Recently, there are growing demands in the robot industry for light structures in order to increase the speed of motion and thus the productivity. As a slender structure gets lighter, it tends to be flexible, leading to severe operational vibration particularly at its free end. In the design of a vibration controller, the robust stability should be checked first since the dynamics of the cantilever beam, which simulates a flexible multi-axis robot arm or a flexible manipulator with varying length, also changes during operation.
In this study, $H_∞$ control theory is adopted as the design technique for a robust controller, which robustly stabilizes the system and satisfies the desired performance, since it has two advantages: One is the fact that variations in system parameters can be considered as the uncertainty in a mathematical model, requiring, not an accurate model of uncertainty, but only its upper bound. The other is that the desired performance of the system is defined as the maximal magnitude of the closed-loop transfer function which can be easily understood.

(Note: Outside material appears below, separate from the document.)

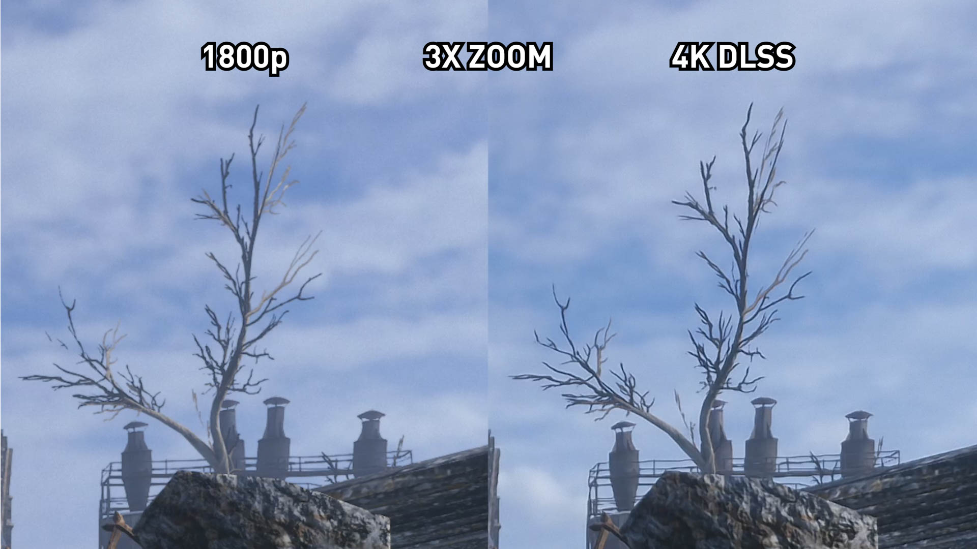 Et puis il y a des domaines où DLSS n'est pas aussi bon. Le 1800p supérieur a de meilleurs détails de texture fine dans certaines zones, ce qui représente plus fidèlement les textures réellement utilisées. DLSS, avec ses techniques de post-traitement visant à améliorer la netteté, peut donner une apparence bizarre à certaines textures. Vous remarquerez peut-être que nous n’avons pas effectué un zoom avant, c’est un artefact que nous avons repéré.

The cantilever beam with varying natural frequency has the matrix-fraction uncertainty. In order to effectively describe the system with the matrix-fraction uncertainty, an $H_∞$ controller design scheme based on the matrix fraction stability condition is proposed. The matrix fraction stability condition gives a good robust stability by separating the uncertainty of a nominal plant into the variations in the numerator and denominator. The proposed controller is then applied to the cantilever beam with a piezoelectric-type servo-damper such that the vibration at the free end of the beam is effectively suppressed, while its effective length slowly changes. Vibration control experiments are performed to investigate the performance and robust stablity of the proposed controller when the cantilever beam is in rest and moves.
Though the piezoelectric-type servo-damper has a good damping effect, the ...